E eis o verdadeiro problema: se a humanidade for totalmente extinta da face do planeta, perderemos o único recurso que nos manteve vivos ao longo dos milênios: sangue humano. Alienígenas não têm sangue, têm hemolinfa.

O Grande Império se proclamou: a segurança aos humanos deve ser restabelecida e as colônias, tão esquecidas no mundo moderno, devem voltar a existir. Agora que deixamos a sombra das lendas, humanos são escravizados em nossas colônias. O que fizemos no entanto foi apenas escancarar um sistema que já existia no subterrâneo, enquanto estávamos vivendo sob Sigilo.

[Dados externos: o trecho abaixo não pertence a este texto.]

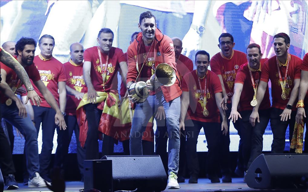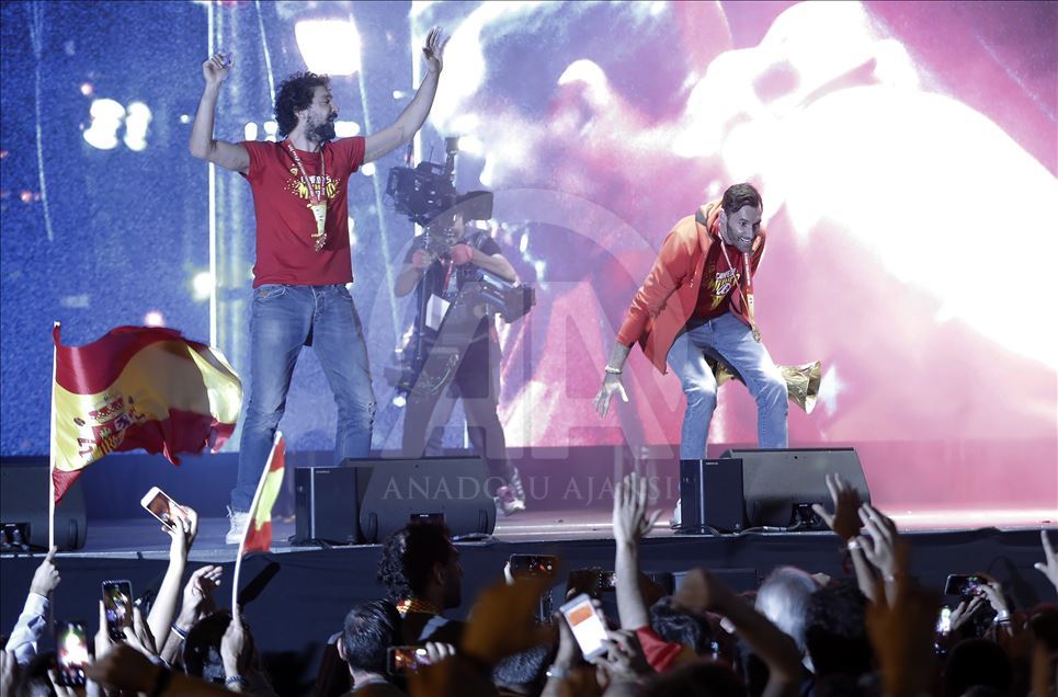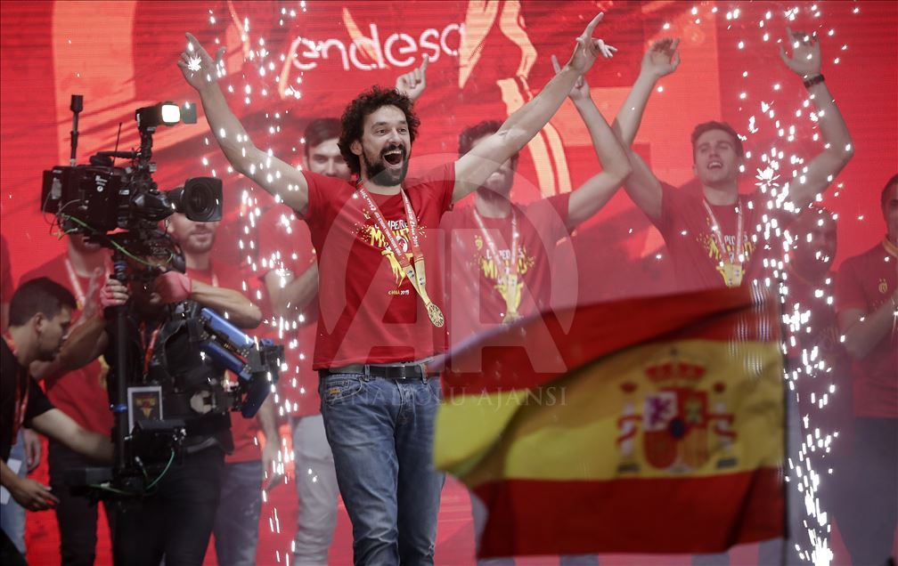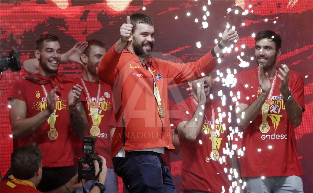 Çin'in ev sahipliğinde düzenlenen 2019 FIBA Dünya Kupası'nda şampiyon olan İspanya A Milli Basketbol Takımı ülkesine döndü. Milli takım heyeti şehir turunun ardından başkent Madrid'deki Colon Meydanı'nda organize edilen ve binlerce İspanyolun toplandığı kutlama alanında vatandaşlar ile buluştu. Kafilede, takım oyuncusu Marc Gasol da yer aldı. ( Burak Akbulut - Anadolu Ajansı )Burak Akbulut

Estivemos sempre ao redor dos humanos, permeando suas fantasias, apenas resolvemos deixar claro que somos reais.

Com os alienígenas dizimando pessoas, o Grande Império sentiu como se seu território fosse ameaçado e que alguém estava mexendo em seu estoque de comida. A outra opção era que assistíssemos de braços cruzados enquanto esses seres do céu destruíssem os humanos, mas estaríamos desistindo de nossa vida se o fizéssemos. Nós, vampiros, não consideramos a derrota como opção.

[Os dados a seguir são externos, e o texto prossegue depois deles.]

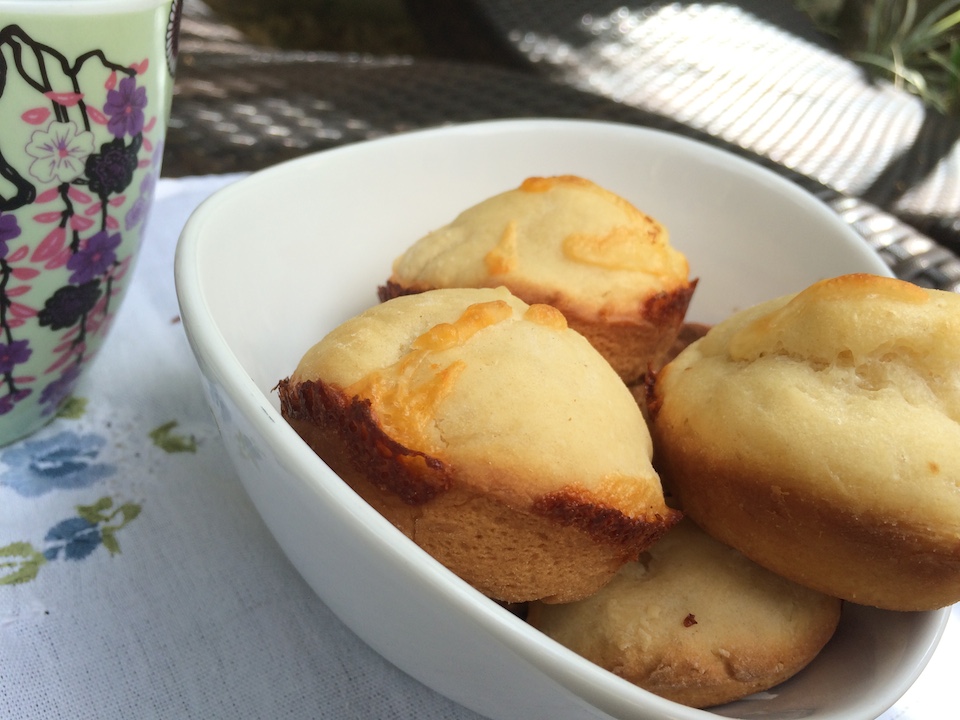 Pré-aqueça o forno a 180 graus. Em uma vasilha misture todos os ingredientes, mexendo até formar uma massa com consistência de purê de mandioquinha (cremoso e um pouco grudento). Unte uma forma com manteiga e farinha e molde bolinhas, distribuindo-as lado a lado, mas com espaço para que cresçam. Leve ao forno por 20 minutos. Retire a forma e passe um pouco de manteiga sobre cada pãozinho e polvilhe-os com o queijo ralado. Leve ao forno novamente por mais dez minutos ou até que estejam dourados. O ideal é consumir no mesmo dia.

Adentramos o nevoeiro e caminhamos por vielas, subindo o morro. Nossa operação consiste em resgatar sobreviventes, caso haja, e levá-los para a colônia mais próxima. Os humanos que antes viviam aqui estavam entregues à miséria e às precárias condições de vida, o cheiro podre de esgoto denuncia que não há saneamento básico. Que espécie é essa? Uma espécie animal que não cuida de si mesmo, predatória em sua própria comunidade. Se os seres que vieram dos céus não tivessem interferido, certamente essa seria uma espécie que se auto-extinguiria. Como o experimento Universo 25 de John Calhoun.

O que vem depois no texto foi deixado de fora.